EXERCISE DESCRIPTION. Lines to restate from the data below: from the one containing "THIS BUTTON CAN" to the one containing "The FUMANA is", both included. Give them again exactly, and only them.

DATA SECTION.
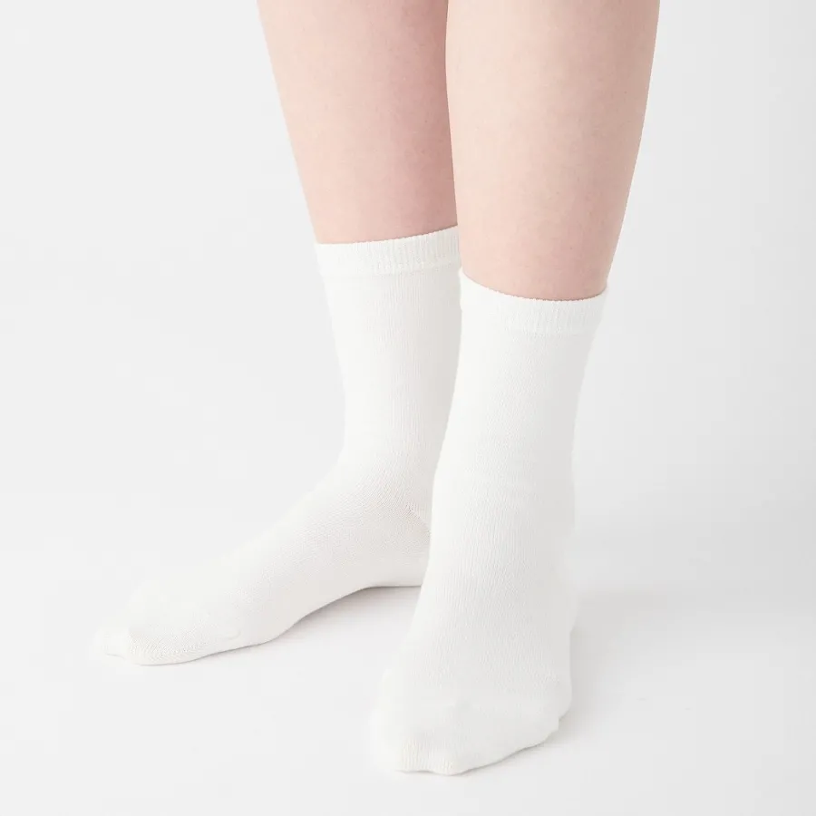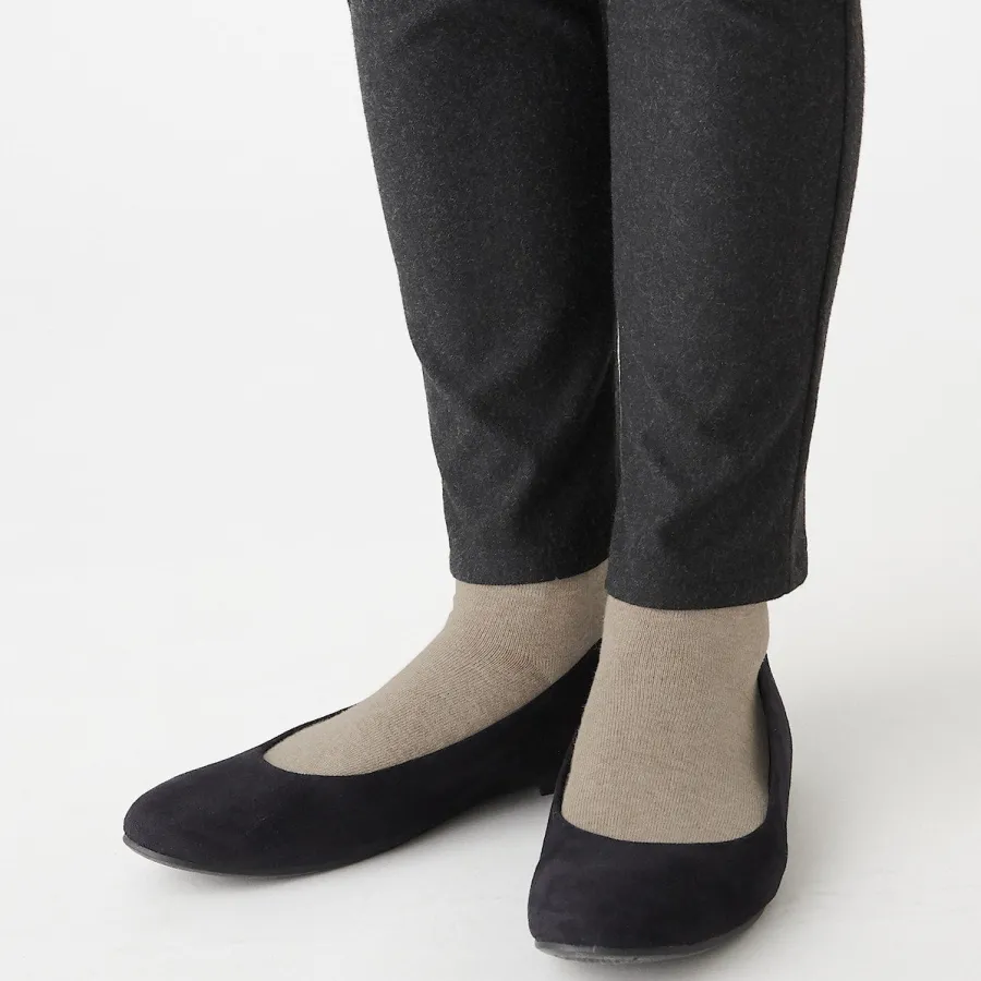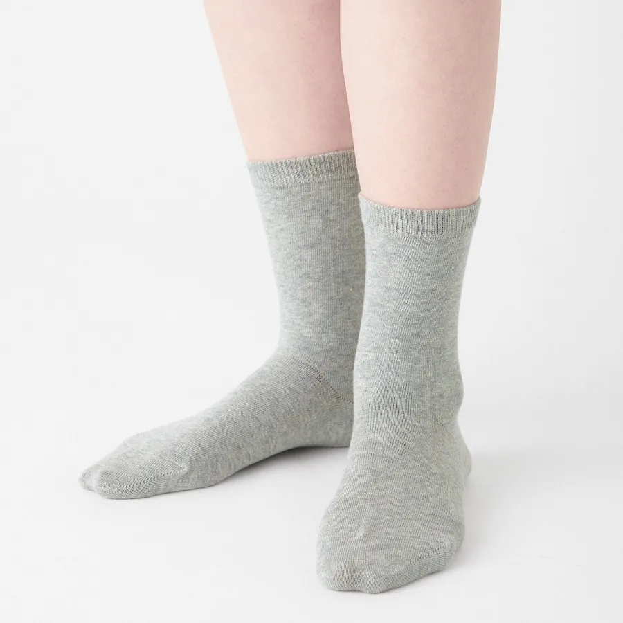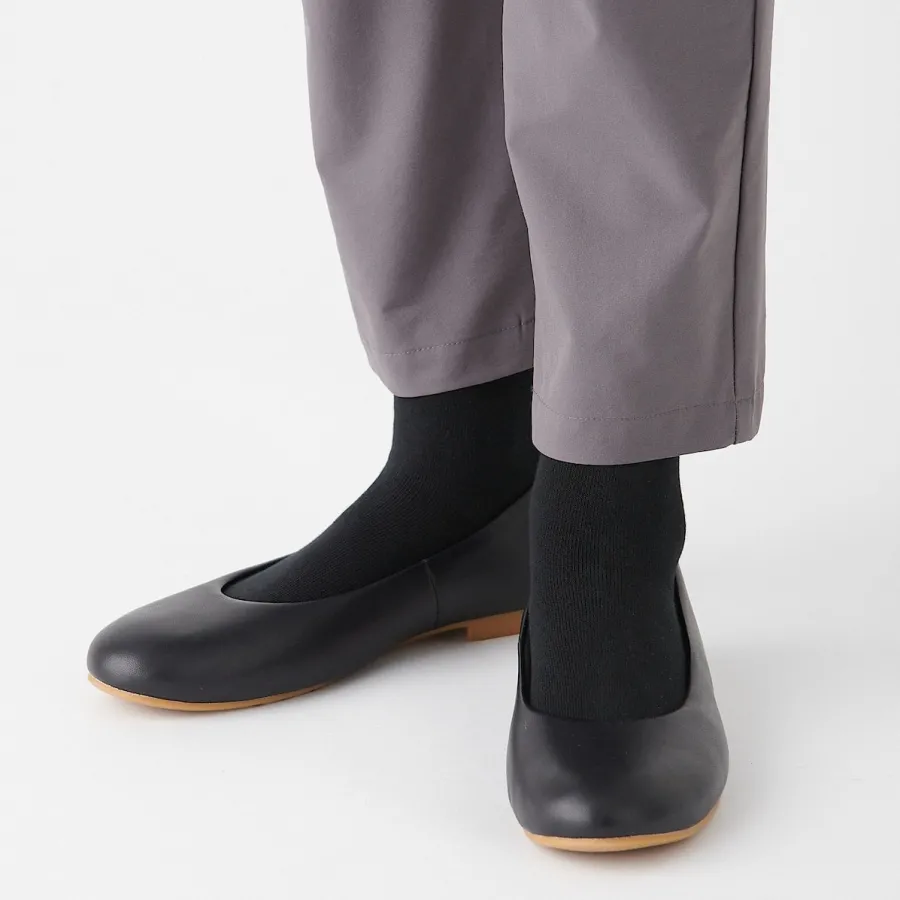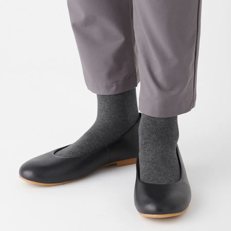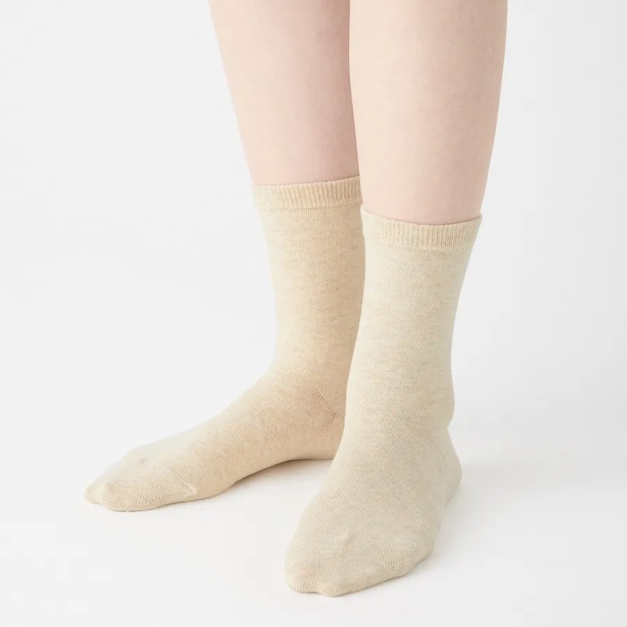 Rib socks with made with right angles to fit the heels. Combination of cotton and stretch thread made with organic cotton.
--
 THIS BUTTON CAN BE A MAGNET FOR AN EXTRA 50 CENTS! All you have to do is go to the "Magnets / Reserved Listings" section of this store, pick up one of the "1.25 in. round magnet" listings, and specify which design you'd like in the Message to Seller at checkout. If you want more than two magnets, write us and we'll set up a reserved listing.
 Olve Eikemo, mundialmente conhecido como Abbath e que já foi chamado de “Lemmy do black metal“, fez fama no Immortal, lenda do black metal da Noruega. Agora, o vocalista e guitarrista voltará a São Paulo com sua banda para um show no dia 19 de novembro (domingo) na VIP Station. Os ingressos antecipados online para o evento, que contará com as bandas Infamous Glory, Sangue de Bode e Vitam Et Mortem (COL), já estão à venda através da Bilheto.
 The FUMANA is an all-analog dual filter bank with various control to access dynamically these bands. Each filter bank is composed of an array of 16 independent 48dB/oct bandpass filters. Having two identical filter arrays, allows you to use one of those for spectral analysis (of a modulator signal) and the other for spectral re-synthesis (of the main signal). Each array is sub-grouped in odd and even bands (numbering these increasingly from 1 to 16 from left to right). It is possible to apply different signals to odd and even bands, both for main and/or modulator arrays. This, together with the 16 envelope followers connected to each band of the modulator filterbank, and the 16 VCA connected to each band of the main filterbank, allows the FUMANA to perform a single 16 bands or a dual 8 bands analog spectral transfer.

EXERCISE ANSWER.
 THIS BUTTON CAN BE A MAGNET FOR AN EXTRA 50 CENTS! All you have to do is go to the "Magnets / Reserved Listings" section of this store, pick up one of the "1.25 in. round magnet" listings, and specify which design you'd like in the Message to Seller at checkout. If you want more than two magnets, write us and we'll set up a reserved listing.
 Olve Eikemo, mundialmente conhecido como Abbath e que já foi chamado de “Lemmy do black metal“, fez fama no Immortal, lenda do black metal da Noruega. Agora, o vocalista e guitarrista voltará a São Paulo com sua banda para um show no dia 19 de novembro (domingo) na VIP Station. Os ingressos antecipados online para o evento, que contará com as bandas Infamous Glory, Sangue de Bode e Vitam Et Mortem (COL), já estão à venda através da Bilheto.
 The FUMANA is an all-analog dual filter bank with various control to access dynamically these bands. Each filter bank is composed of an array of 16 independent 48dB/oct bandpass filters. Having two identical filter arrays, allows you to use one of those for spectral analysis (of a modulator signal) and the other for spectral re-synthesis (of the main signal). Each array is sub-grouped in odd and even bands (numbering these increasingly from 1 to 16 from left to right). It is possible to apply different signals to odd and even bands, both for main and/or modulator arrays. This, together with the 16 envelope followers connected to each band of the modulator filterbank, and the 16 VCA connected to each band of the main filterbank, allows the FUMANA to perform a single 16 bands or a dual 8 bands analog spectral transfer.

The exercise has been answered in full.